Given the investment horizon of 90 days FOXO Technologies is expected to generate 14.48 times more return on investment than Pro Dex. However, FOXO Technologies is 14.48 times more volatile than Pro Dex. It trades about 0.21 of its potential returns per unit of risk. Pro Dex is currently generating about 0.38 per unit of risk. If you would invest  14.00  in FOXO Technologies on August 31, 2024 and sell it today you would earn a total of  37.00  from holding FOXO Technologies or generate 264.29% return on investment over 90 days.
Time Period3 Months [change]
DirectionMoves Together 
StrengthStrong
Accuracy100.0%
ValuesDaily Returns

FOXO Technologies  vs.  Pro Dex

 Performance 
       Timeline  
FOXO Technologies 

Risk-Adjusted Performance

9 of 100

 
Weak
 
Strong
OK
Compared to the overall equity markets, risk-adjusted returns on investments in FOXO Technologies are ranked lower than 9 (%) of all global equities and portfolios over the last 90 days. In spite of very uncertain basic indicators, FOXO Technologies displayed solid returns over the last few months and may actually be approaching a breakup point.
Pro Dex 

Risk-Adjusted Performance

20 of 100

 
Weak
 
Strong
Solid
Compared to the overall equity markets, risk-adjusted returns on investments in Pro Dex are ranked lower than 20 (%) of all global equities and portfolios over the last 90 days. In spite of fairly weak technical and fundamental indicators, Pro Dex showed solid returns over the last few months and may actually be approaching a breakup point.

FOXO Technologies and Pro Dex Volatility Contrast

   Predicted Return Density   
       Returns  

Pair Trading with FOXO Technologies and Pro Dex

The main advantage of trading using opposite FOXO Technologies and Pro Dex positions is that it hedges away some unsystematic risk. Because of two separate transactions, even if FOXO Technologies position performs unexpectedly, Pro Dex can make up some of the losses.
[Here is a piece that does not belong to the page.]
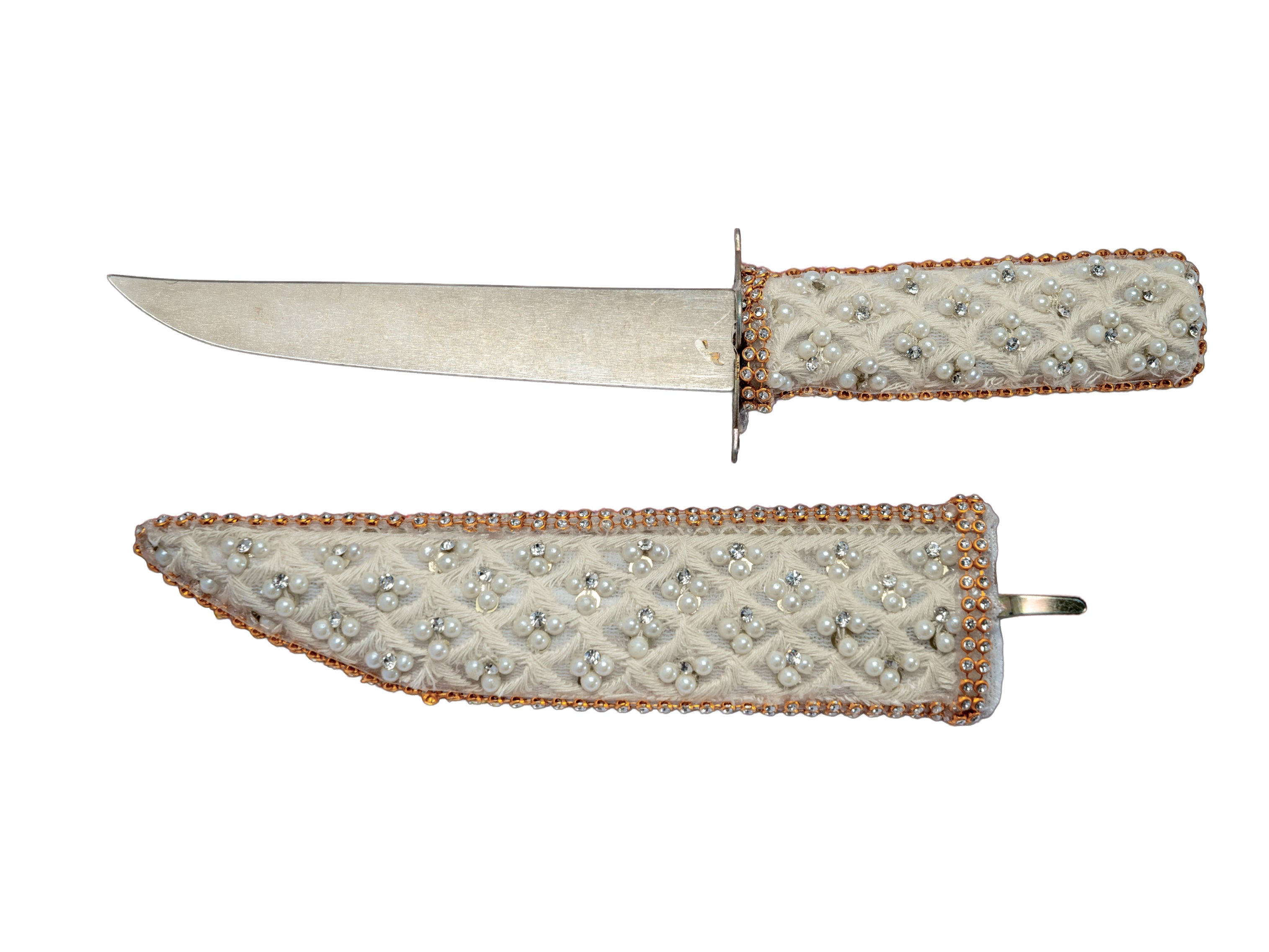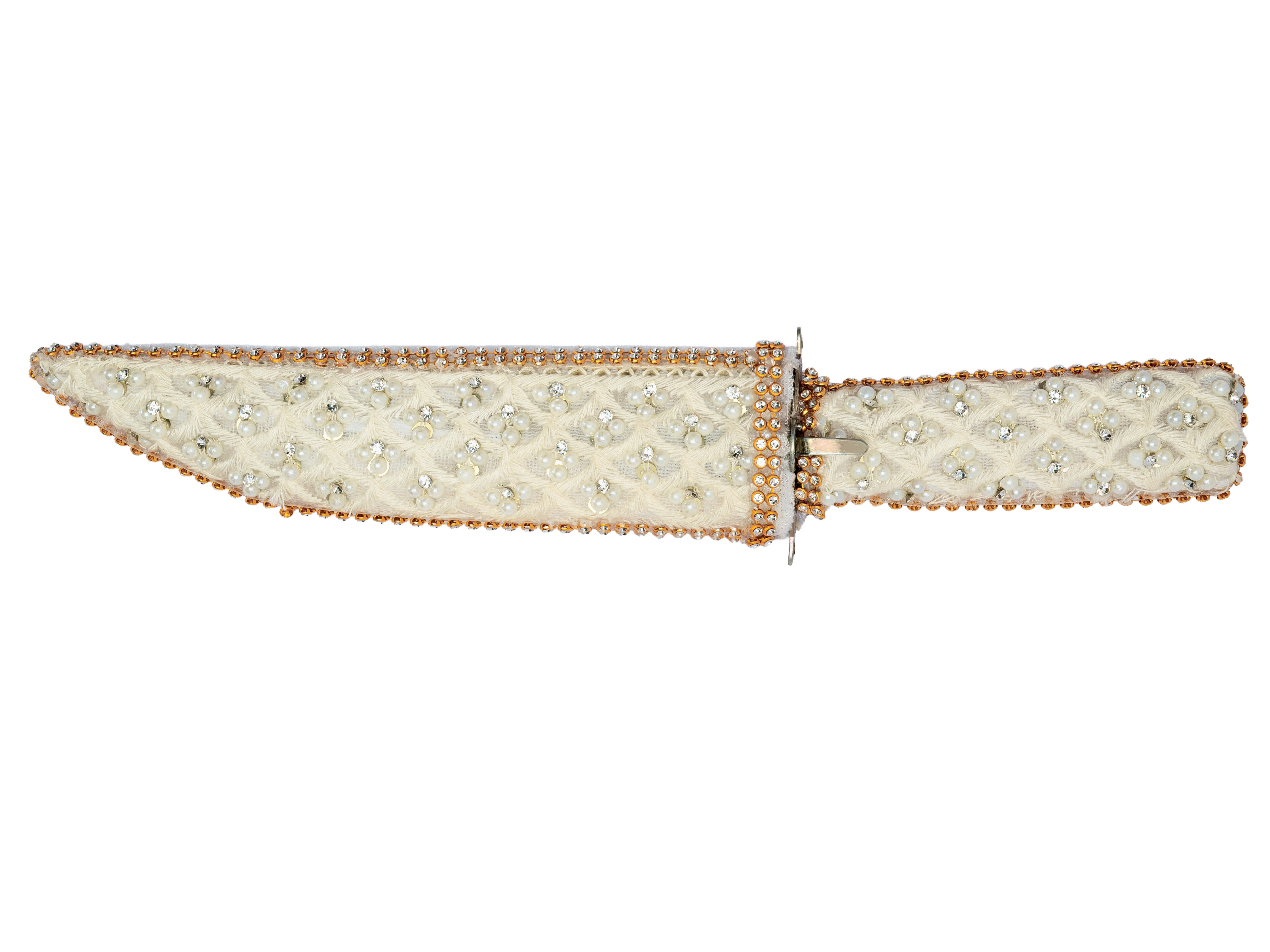 A golden lace or pearl trim along the edges adds to its grand appeal, making it the perfect accessory to complement your sherwani, bandh gala, or royal-themed attire. Whether carried during the baraat, varmala, or wedding photoshoot, this ceremonial kataar enhances your look and makes for a cherished keepsake from your big day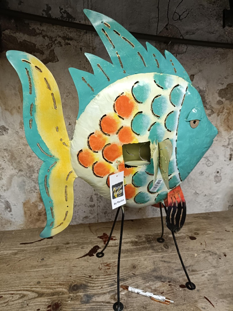 Grote vis van blik. Decoratief beeld - beeld vis - op standaard - Dorang L - handgemaakt

Pair trading also minimizes risk from directional movements in the market. For example, if an entire industry or sector drops because of unexpected headlines, the short position in Pro Dex will offset losses from the drop in Pro Dex's long position.
The idea behind FOXO Technologies and Pro Dex pairs trading is to make the combined position market-neutral, meaning the overall market's direction will not affect its win or loss (or potential downside or upside). This can be achieved by designing a pairs trade with two highly correlated stocks or equities that operate in a similar space or sector, making it possible to obtain profits through simple and relatively low-risk investment.
Check out your portfolio center.
Note that this page's information should be used as a complementary analysis to find the right mix of equity instruments to add to your existing portfolios or create a brand new portfolio. You can also try the Premium Stories module to follow Macroaxis premium stories from verified contributors across different equity types, categories and coverage scope.